“She hears no voice, accepts no correction; In the LORD she has not trusted, to her God she has not drawn near” (Zephaniah 3: 2)
As I reflected on the readings for today, I kept going back to these words and felt like they were speaking my story. I was in the dark for so much of my life because of the fear that I lived in. Not only did I not trust others, I also didn’t trust the Lord. I was afraid that if I let him into my heart he would abandon me. I am sorry that it wasn’t until I was 40 years old that I began to draw near to Him; that it took me so long to see his goodness and to know that he would never betray me or abandon me. But the Lord takes us where we are at and helps us become the person he created us to be in his image.
“You need not be ashamed of all your deeds, your rebellious actions against me” (Zephaniah 3: 11)

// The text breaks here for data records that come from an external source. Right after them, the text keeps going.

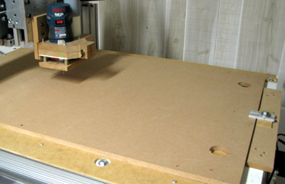 ![]() Just glue the short risers into the MDF. Make the holes in the CNC table oversize to clear the glue bead. |
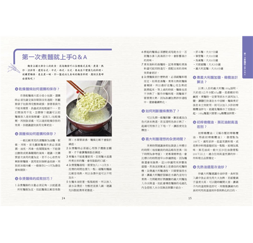 作者整理出學生、親友常問的烹調麵食成敗Q&A,只要詳讀問題與解答,很快就可以從容面對,並且能舉一反三,成為麵食高手。
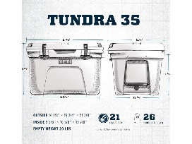 The Tundra 35 dimensions are 20 in long x 16 1/8 in wide x 15 1/4 in high with an empty weight of 20 lbs NOTE: All Tundra models come standard with one dry goods basket
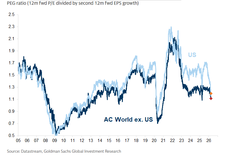 Auch die USA werden beim Verhältnis von Bewertung zu erwartetem Wachstum inzwischen fast ähnlich bewertet wie der Rest der Welt ohne die USA.
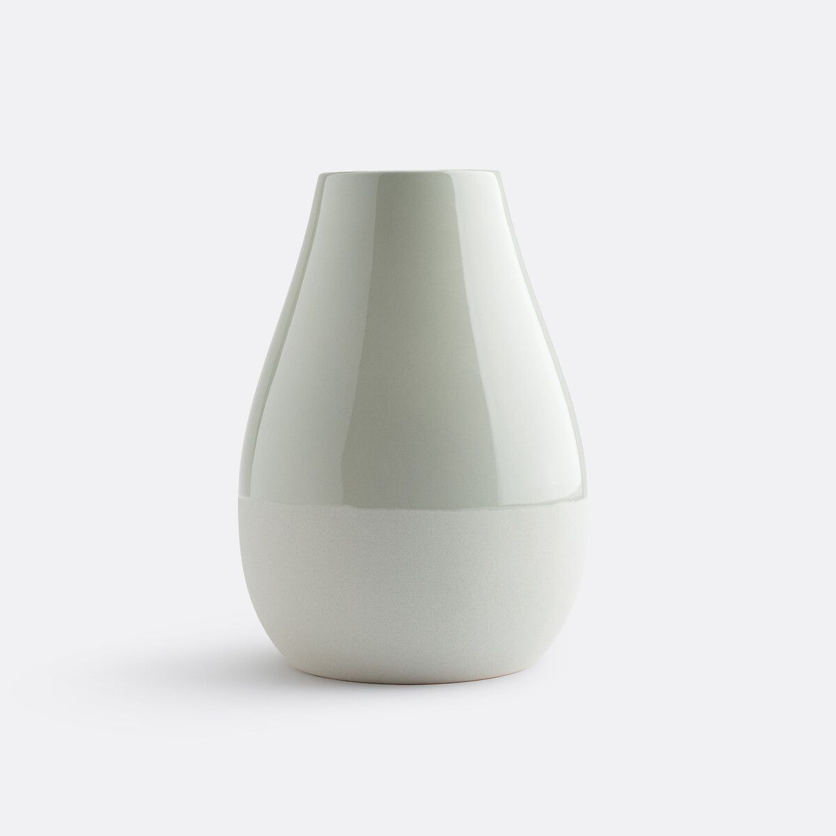 Ваза изготовлена из двух материалов: гладкой керамики сверху и зерненой снизу.
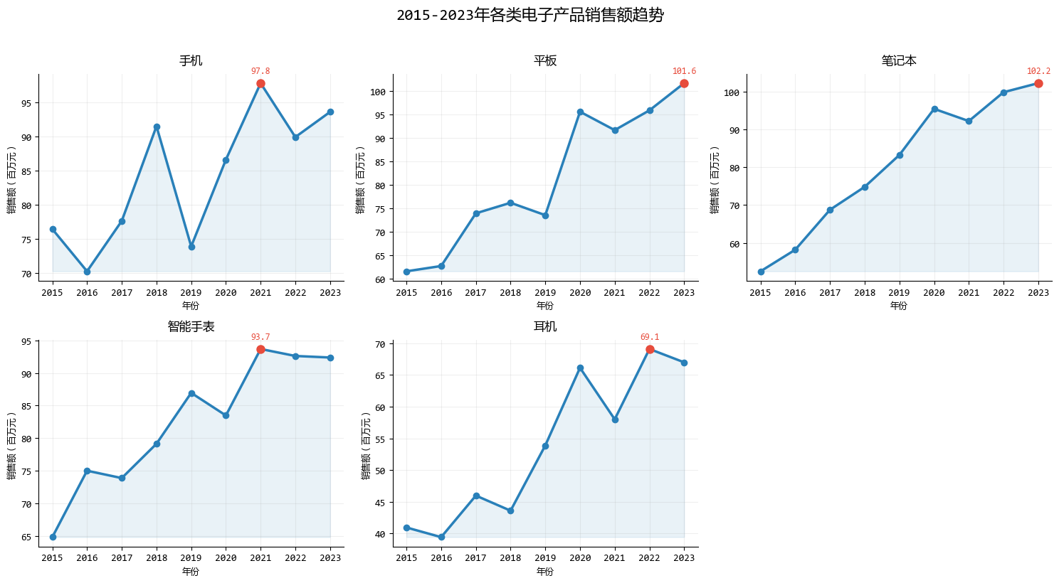 - 每個子圖聚焦一個產品,避免線條交錯
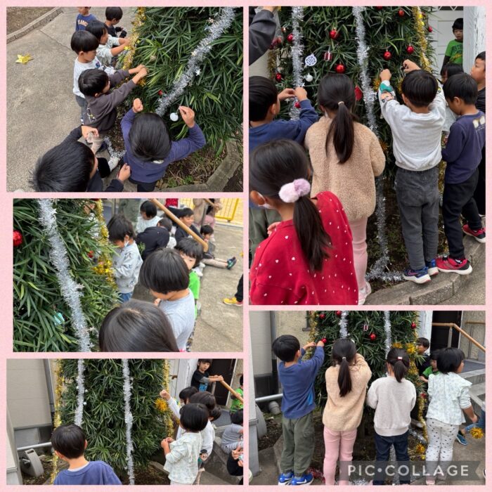 ゆりぐみさんは教会前の木にクリスマスの飾り付けをしました✨
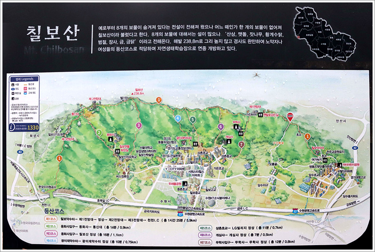 마루금애 해당되면서 수원팔색길 6색 수원둘레길이 지나는 칠보산 능선을 종주한
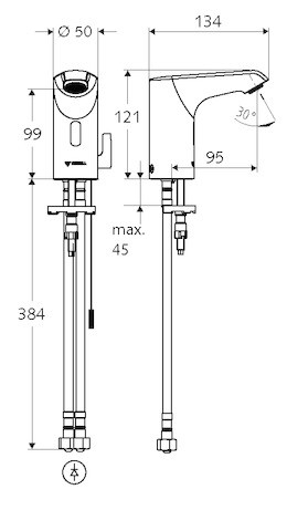 Hochdruck Mischwasser, Infrarot-Sensor gesteuert, geeignet zur Vernetzung mit Wassermanagement-System SWS, parametrierbar über Single Control SSC, vorgesehen zur Spannungsversorgung über Wassermanagement-System SWS oder zentralem Netzteil, mit Infrarot-Sensor-Einlocharmatur, Temperaturregler, Infrarot-Sensor-Elektronik, programmierbar, Axialmagnetventil 6 V mit Vorfilter, , Strahlregler, Anschlusskabel 250 mm, mit Steckverbinder 3-polig, Schutzklasse IP 65, 2 flexible Anschlussschläuche Clean-Fix S G 3/8 IG x 400 mm, mit integriertem Rückflussverhinderer (RV, EN 1717: EB) und Vorfilter, Befestigungsmaterial für Waschtischmontage, Einstellmöglichkeiten über SWS/SSC: Sensor-Reichweite (kurz/mittel/lang), Programmierung über Nahreflex (Aus/Ein), max. Laufzeit (1-360 s), Nachlaufzeit (0,6-60 s), Stagnationsspülung (Aus/5-600 s, alle 1-240 h nach letzter Spülung/alle 1-240 h), Dauerspülung für thermische Desinfektion, mit Verbrühungsschutz (Aus/15-600 s), Dauerfluss (Aus/15-600 s), Energiesparmodus (Aus/1-254 h nach letzter Nutzung), Reinigungsstopp (Aus/60-360 s), Einstellmöglichkeiten über Nahreflex: Sensor-Reichweite (kurz/mittel/lang), Stagnationsspülung (Aus/30 s, alle 24 h nach letzter Spülung/alle 24 h), Dauerspülung für thermische Desinfektion, mit Verbrühungsschutz (Aus/300 s/120 s), Reinigungsstopp (Aus/60 s), Durchfluss max. 5 l/min druckunabhängig, Fließdruck 1,0-5,0 bar, max. Ruhedruck 8 bar, max. Betriebstemperatur 70 °C (80 °C für thermische Desinfektion), Gehäuse aus Messing, wasserführende Teile aus Kunststoff, Oberfläche chrom, Anschluss 2x G 3/8 IG, Zertifikate: P-IX 29072/IO, ACS, Belgaqua, WELL public, Geräuschklasse I, Durchflussklasse O
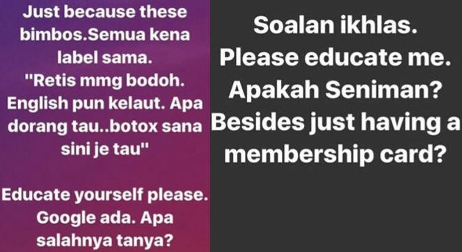 Menerusi laman Instastory, pelakon Nur Kasih itu juga mendakwa terpaksa berhadapan dengan persepsi negatif masyarakat yang berpendapat golongan artis sebagai bodoh.
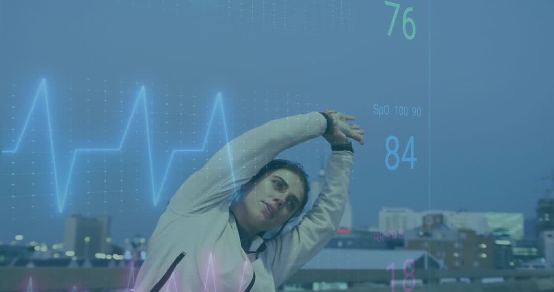 An athletic woman is stretching in an urban environment, with animated heart rate data overlayed on screen. This visual marries physical fitness with health monitoring technology. Ideal for use in articles or advertisements focusing on fitness, technological advancements in heart health monitoring, or sporty lifestyles. Suitable for clients or publications aiming to combine exercise with wellness technology themes.
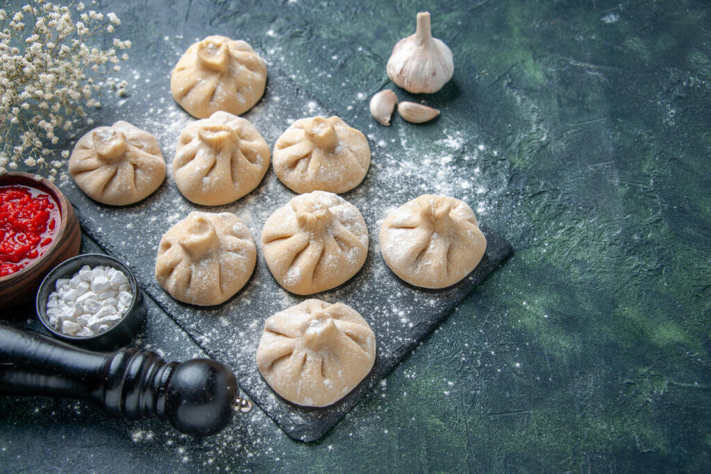 - Для начинки: 600-700 г мяса (рекомендуется использовать смесь свинины и говядины), 2-3 луковицы, 100-150 мл ледяной воды или бульона, соль и перец по вкусу, 0.5 ч. л. молотого кориандра (по желанию), зелень и 2-3 зубчика чеснока.
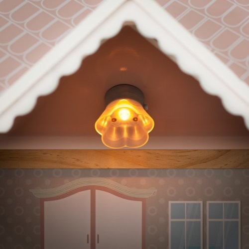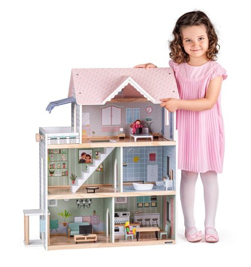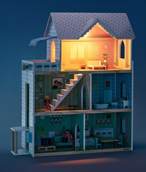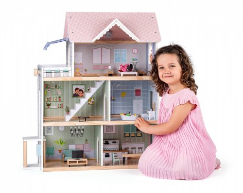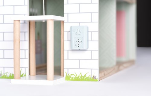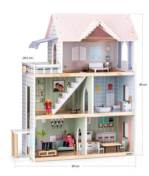 Kvalitní třípatrový domeček pro panenky dodáváme včetně zobrazeného příslušenství (17ks). Nábytek je vyroben z kombinace materiálů dřevo/ plast. Z přízemí do prvního patra se mohou panenky svézt výtahem. U vchodu je umístěn domovní zvonek. Třetí patro je vybaveno nejen prostornou terasou a markýzou, ale i funkčním světlem.| Věk: 3+ | Rozměry: 63,5 x 31 x 80 cm | Baterie: 2x CR2032 nejsou součástí balení.
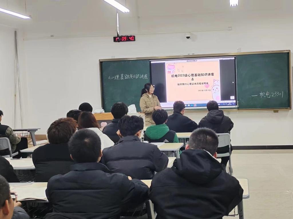 本站讯(机电与新能源汽车学院 欧阳健林)为让学生掌握心理基础知识,在困惑、迷茫等特殊时刻能够及时得到心理咨询的帮助,12月10日晚,机电与新能源汽车学院针对2023级各班同学举办心理基础知识讲座暨如何预约心理咨询流程说明会。
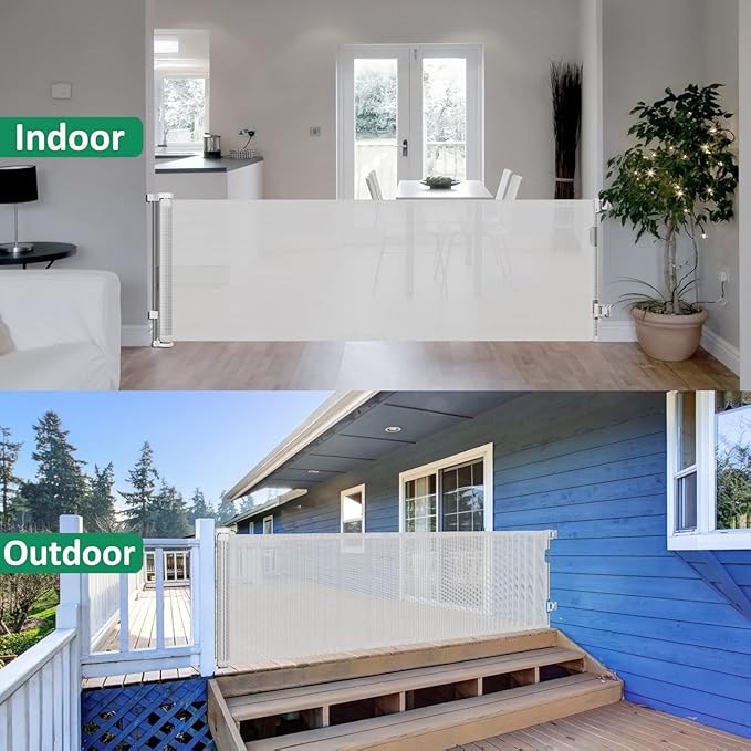 - [Perfect for Indoor and Outdoor] Each set contains 1 extra wide retractable baby gate and required mounting accessories. Large baby gate can be used for doorways, stairs and hallways both indoors and outdoors.
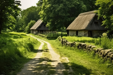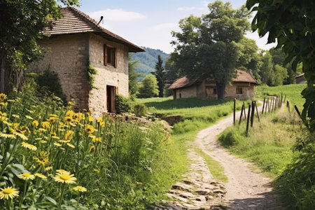 A picturesque image capturing a wooden house nestled in greenery, surrounded by wildflowers and a rustic fence along a tranquil dirt path, showcasing serene countryside beauty.
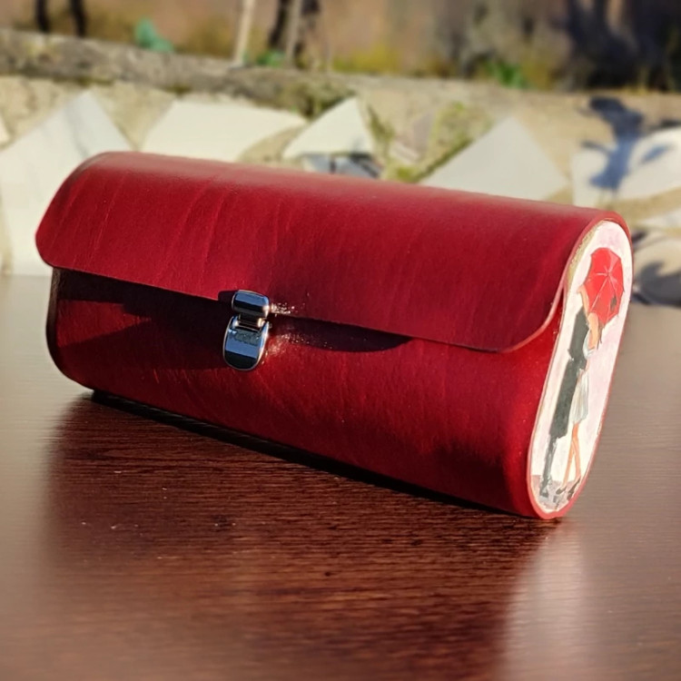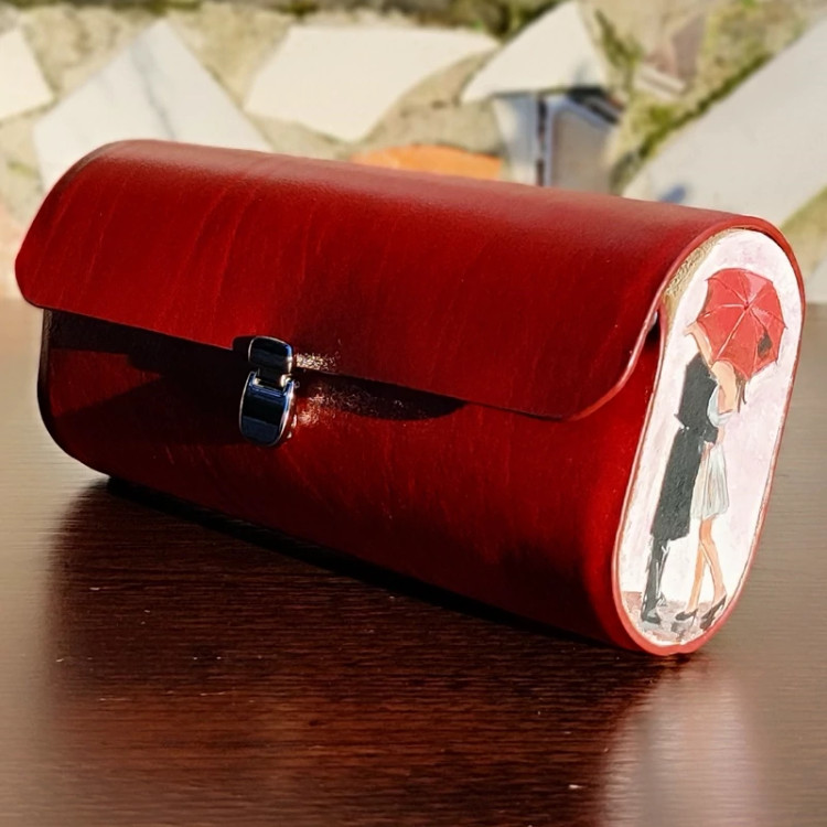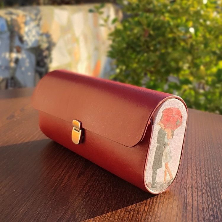 کیف دستی زنانه طرح چتربا قابلیت اتصال بند رودوشی چرم طبیعی گاوی درجه یک تماما دستدوز است که در کناره کیف از چوب نراد طراحی شده توسط تیم چرم خلاق استفاده شده که روی چوب ها نقاشی دست با رنگ آکرولیک کار شده و تمامی چوب ها دارای پوشش نانو ضد آب و خش است.
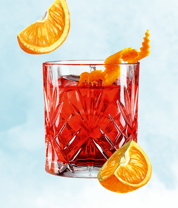 Meng alle ingrediënten en roer rustig door. Garneer met een sinaasappelschijfje.
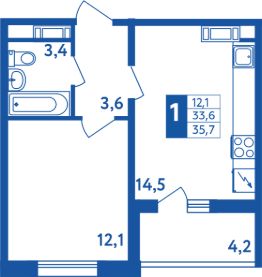 Общая площадь35,7 м²
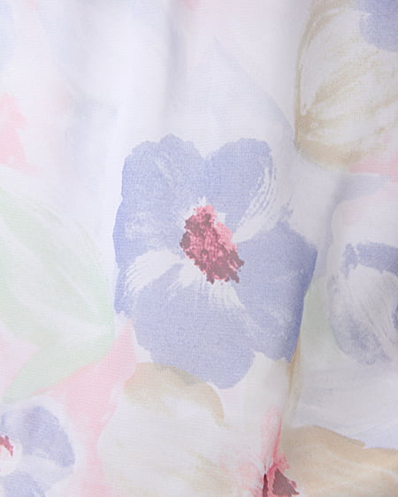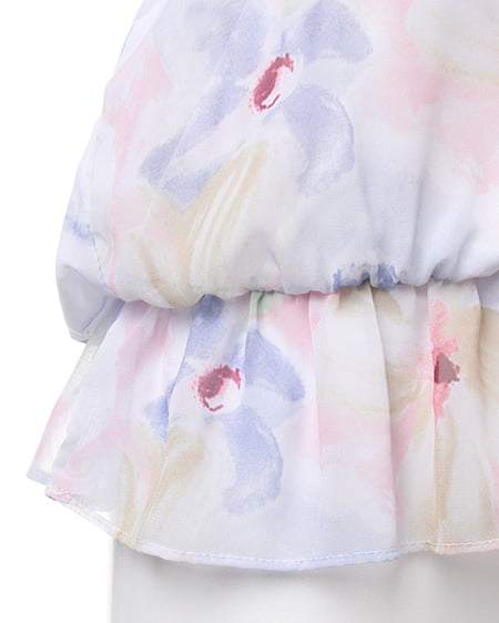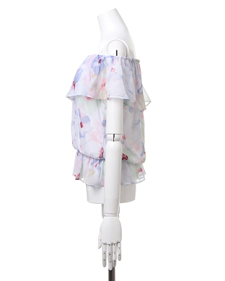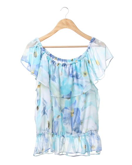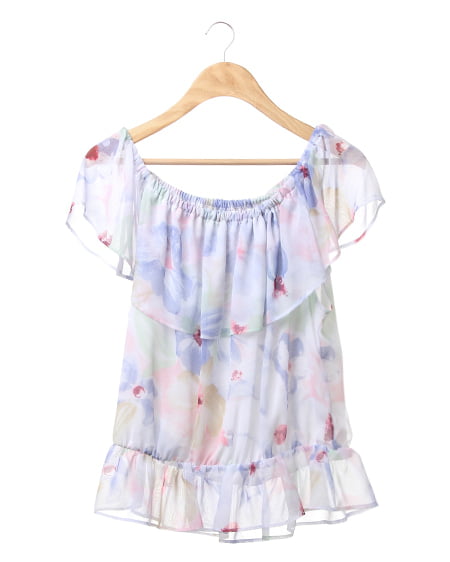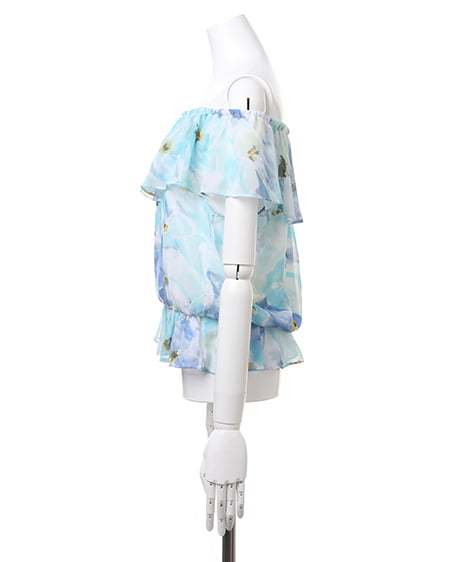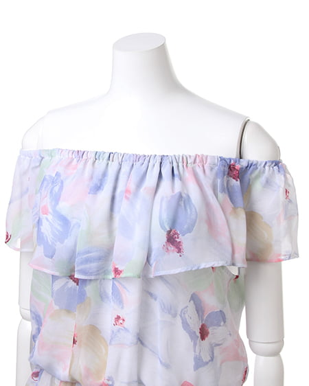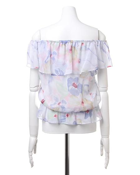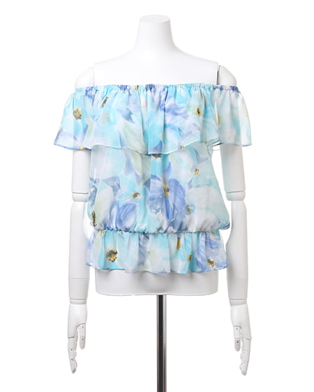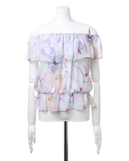 色鮮やかなフラワーシフォンが華やかな一着。ふんわりとした胸元のフリルがデコルテをすっきりと美しく見せてくれます。デニムスカートやパンツでカジュアルダウンすれば、こなれ感のある大人キレイなスタイリングに仕上がります。
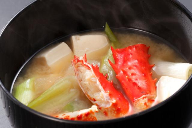 ※鉄砲汁 … 北海道の郷土料理で、カニの身や殻を味噌汁の具材として使用した汁物です。特に道東地方、根室地方でよく食べられており、漁師料理として親しまれています。名前の由来は、カニの脚を箸でつつく様子が鉄砲に弾を込める仕草に似ていることから来ているといわれています。
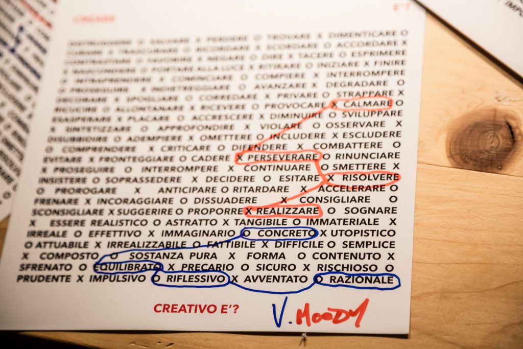 I colori vogliono infatti rievocare la panoramica cromatica della Giudecca, vista da canal Grande. Le parole a loro sovrapposte sono collegate da un gioco di contrari, che partendo da “animata” ci conducono a “opera originale”, riferimento a Sergio Bettini, che – ci racconta Giulia Mastrangelo – «nel suo scritto Venezia, la definiva “città originale” perchè interamente creata dall’uomo, come se fosse un’opera d’arte». L’installazione vuole portarci a riflettere e creare una discussione attorno al significato della città, ponendoci di fronte alle sue stesse contraddizioni.

I am so thankful for his mercy. I allowed my shame to prevent me from receiving the graces of the Sacrament of Reconciliation. I stayed away from it for 25 years and even when I began receiving the sacrament again, it still took me a long time to feel sorrow instead of shame for my sins. A friend taught me there is a big difference. I was also rebellious and would not accept correction. I thought my situation was the exception to the rule and that I shouldn’t be held up to the same standard. There are times that I still rebel but they are few and far between. I know there are days when I am like the son in today’s gospel where I say “I will not” to what God is asking me to do but I usually come around. I put aside my pride and ask for the courage and strength to do His will. Fear continues to come between me and our Lord so I find myself praying for courage often.
“The LORD redeems loyal servants; no one is condemned whose refuge is God” (Psalm 34: 23)
There are so many beautiful words and treasures in today’s readings. The Lord loves us so much and he will never condemn those who take refuge in his love and mercy. Out of love for you, Lord, I want to follow your precepts and to be a faithful servant to my King.